▸ **Exercise aim**
Please transcribe exactly the line that holds "- To search" and all lines that follow it to the end of the records below, omitting any pictures.

▸ **Record excerpts**
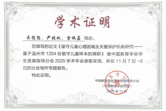 williamhill2023级小学教育专业本科生吴想想、雷施嘉同学在严晓秋副教授指导下撰写的《留守儿童心理困境及关爱保护机制研究——基于温州市1204份留守儿童样本的调研》论文,经组委会严格审核后,受邀在“中小学心理健康教育的理论与实践”分论坛作专题报告。作为分会场唯一作报告的本科生,吴想想同学从理论框架构建、“小候鸟”留守儿童心理健康现状调研、“10+7+3”疗愈体系创新及智能体开发等方面进行了深入汇报,其研究的实践导向与前沿视角得到与会代表的充分肯定与积极好评。
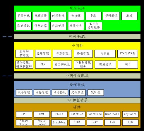 第三個中間件的可移植性可擴(kuò)展性。芯片廠家或第三方廠家提供的解決方案主要包括:硬件解決方案;實(shí)時(shí)操作系統(tǒng)層,包括了設(shè)備/網(wǎng)絡(luò)驅(qū)動、文件系統(tǒng)、圖形/字體驅(qū)動、網(wǎng)絡(luò)協(xié)議;瀏覽器模塊,其他模塊需要機(jī)頂盒制造廠家進(jìn)行研發(fā),而這些正是競爭差異和難度所在。產(chǎn)業(yè)要做大,就需要更多的廠家進(jìn)入。理想的中間件客戶端基于操作系統(tǒng)層和硬件;使得更多的缺乏固網(wǎng)技術(shù)經(jīng)驗(yàn)的廠家能夠加入到機(jī)頂盒產(chǎn)業(yè)鏈中,專注于機(jī)頂盒基礎(chǔ)研發(fā)和生產(chǎn),使得中間件移植的難度最小、時(shí)間最短
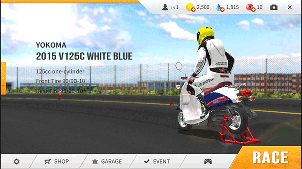 - 升级摩托车即可提高速度、加速度、转弯、刹车性能。
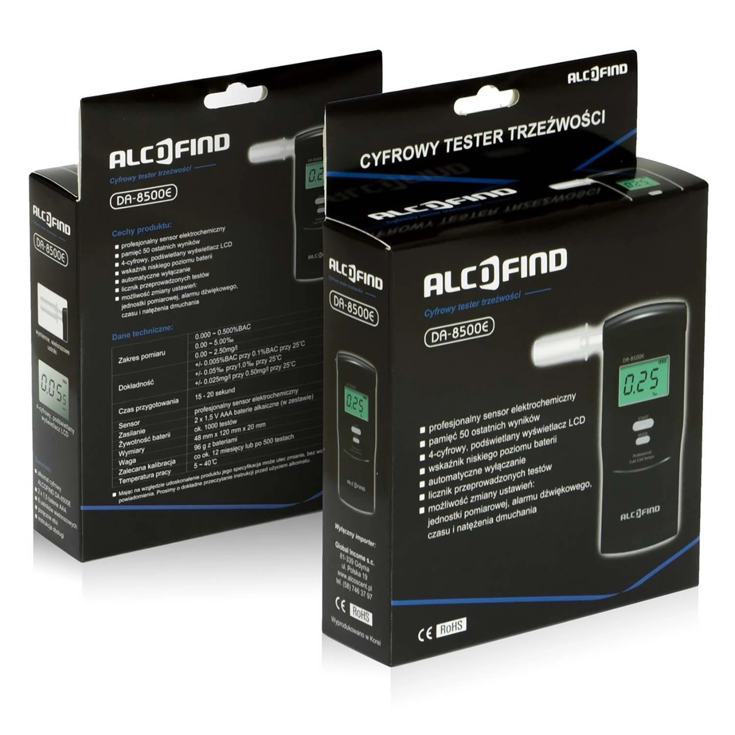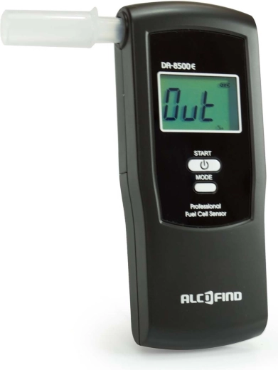 - Alkoholtester DA-8500E, etui, 2× AAA, 6× genanvendeligt mundstykke, 100× engangsmundstykke, DK manual, gaveæske, garantibevis, gratis kalibrering inden for 12 måneder
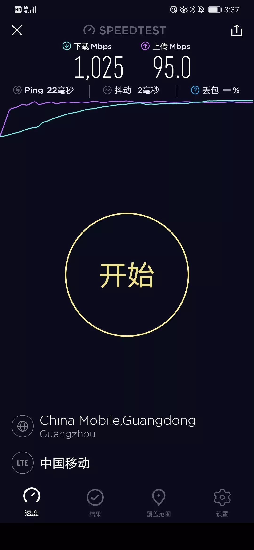 方法一看起来有些复杂,那么我们有一个简单粗暴的方法可以快速鉴别您的手机使用的到底是“真5G”还是“假5G”,请看小编用第三方APP测速软件speedtest实测的速率:
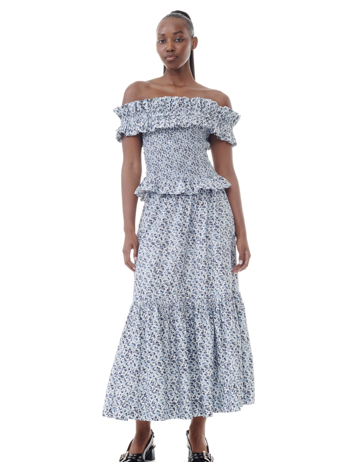 Blå floral trykt bomull Maxi volangskjørt fra Ganni. Med en elastisk midje og et blått blomstertrykk.
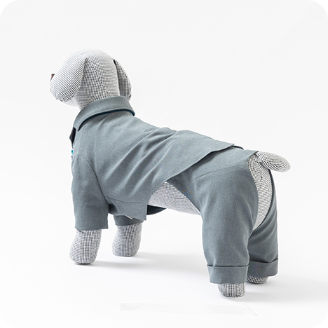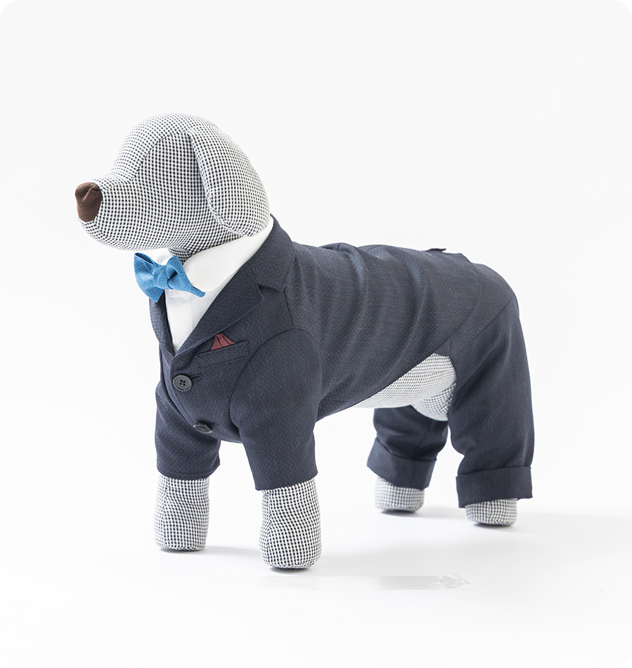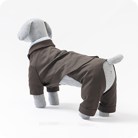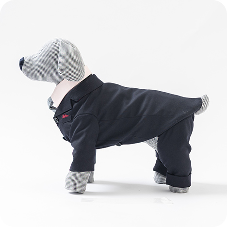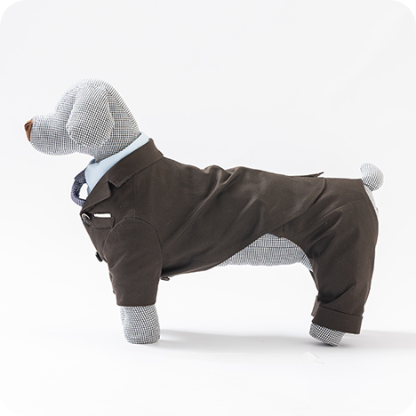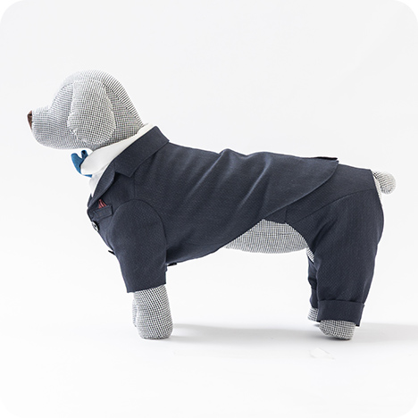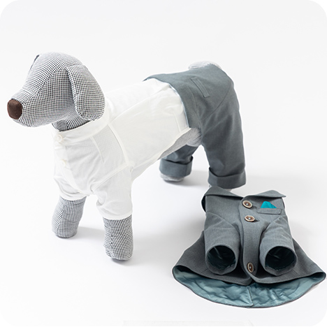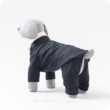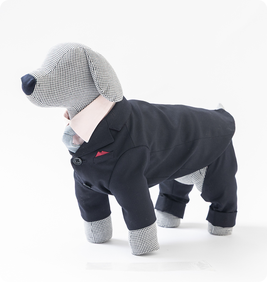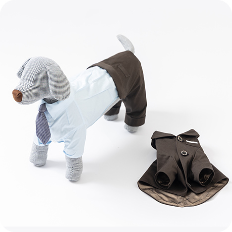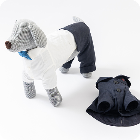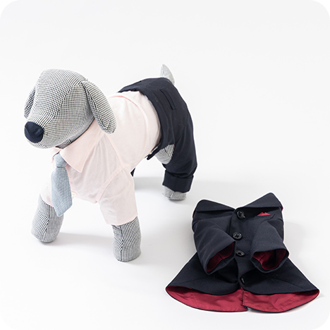 しかし、人のスーツづくりのノウハウだけでは解決できない課題が次々と浮上し、スタッフの愛犬たちにも協力してもらい試行錯誤すること約1年。ワンちゃんのどんな姿勢にも美しくフィットし、動きを妨げることのない立体設計を実現しました。
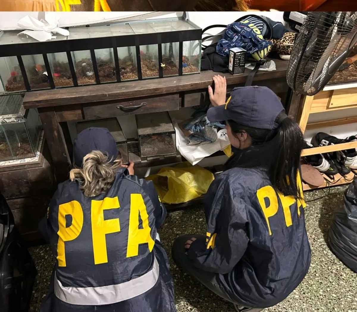 Durante el operativo, que contó con la colaboración de técnicos de la Brigada de Control Ambiental (BCA) de la Subsecretaría de Ambiente de la Nación, se hallaron diversas especies de fauna silvestre mantenidas en condiciones irregulares, sin cumplir los protocolos de bienestar animal ni contar con la documentación que acreditara su legítima procedencia y trazabilidad.
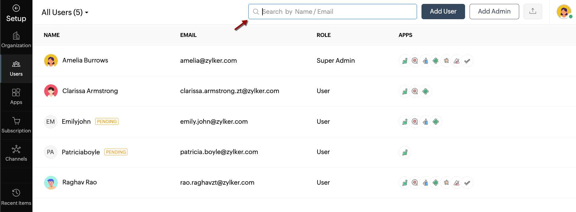 - To search for users, click the Search icon in the first column alongside Name/Email.
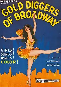 Based on the 1919 play The Gold Diggers[4]—which was also turned into a silent film of the same name in 1923—Gold Diggers of Broadway utilized showgirls, Technicolor, and sound as its main selling points.
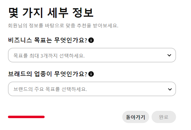 6단계 : 비즈니스 목표는 티스토리 외부유입이 목표이기 때문에 '사이트 트래픽 유도하기'로, 브랜드 업종은 '기타'로 설정 후 완료 버튼 클릭하기
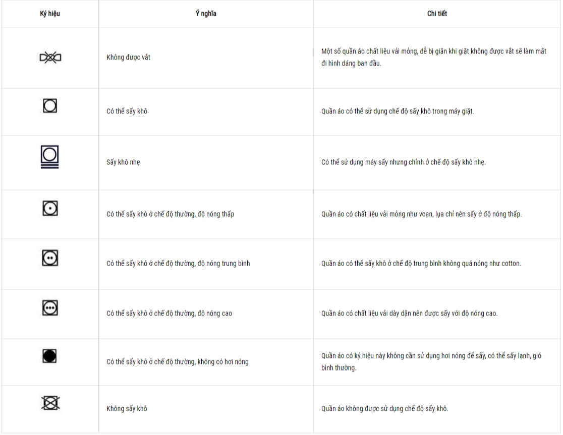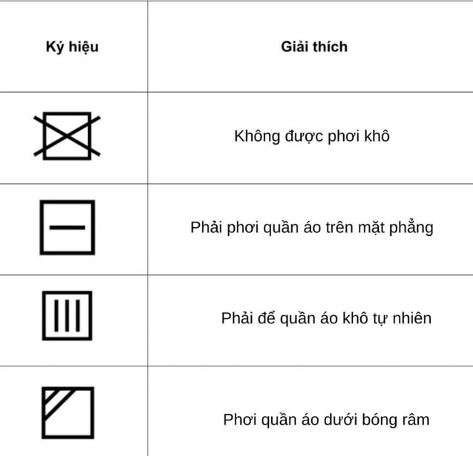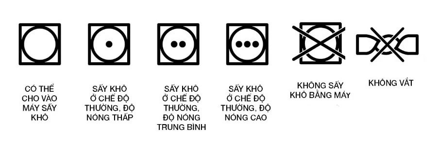 - Hình vuông có một vạch ngang: Cấm sấy khô trong máy.
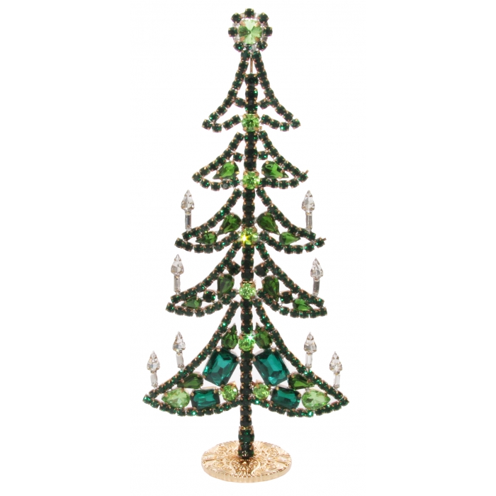In der Tradition hochwertiger Glasmacherkunst wird auch dieser Gablonzer Retro-Schmuckbaum in Handarbeit gefertigt. Die funkelnden, facettierten Glassteine in Grüntönen sind einzeln gefasst, auf der Rückseite ist die Montur komplett messingfarben.
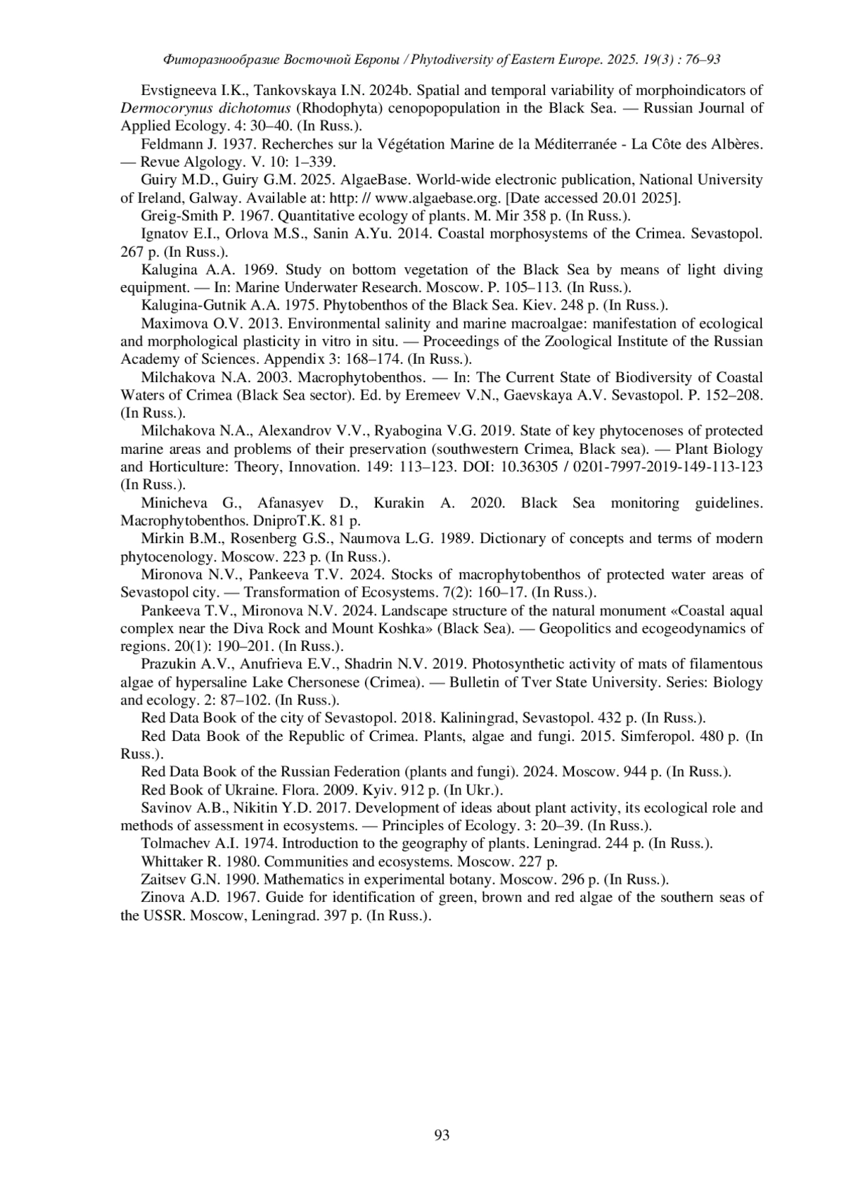 13. [Evstigneeva, Tankovskaya] Евстигнеева И.К., Танковская И.Н. 2024b. Пространственно-временная вариабельность морфопоказателей ценопопуляции Dermocorynus dichotomus (Rhodophyta) в Чёрном море. - Российский журнал прикладной экологии. 4: 30-40. EDN: EPMPKA

▸ **Solution for this problem**
 - To search for users, click the Search icon in the first column alongside Name/Email.
 Based on the 1919 play The Gold Diggers[4]—which was also turned into a silent film of the same name in 1923—Gold Diggers of Broadway utilized showgirls, Technicolor, and sound as its main selling points.
 6단계 : 비즈니스 목표는 티스토리 외부유입이 목표이기 때문에 '사이트 트래픽 유도하기'로, 브랜드 업종은 '기타'로 설정 후 완료 버튼 클릭하기
 - Hình vuông có một vạch ngang: Cấm sấy khô trong máy.
In der Tradition hochwertiger Glasmacherkunst wird auch dieser Gablonzer Retro-Schmuckbaum in Handarbeit gefertigt. Die funkelnden, facettierten Glassteine in Grüntönen sind einzeln gefasst, auf der Rückseite ist die Montur komplett messingfarben.
 13. [Evstigneeva, Tankovskaya] Евстигнеева И.К., Танковская И.Н. 2024b. Пространственно-временная вариабельность морфопоказателей ценопопуляции Dermocorynus dichotomus (Rhodophyta) в Чёрном море. - Российский журнал прикладной экологии. 4: 30-40. EDN: EPMPKA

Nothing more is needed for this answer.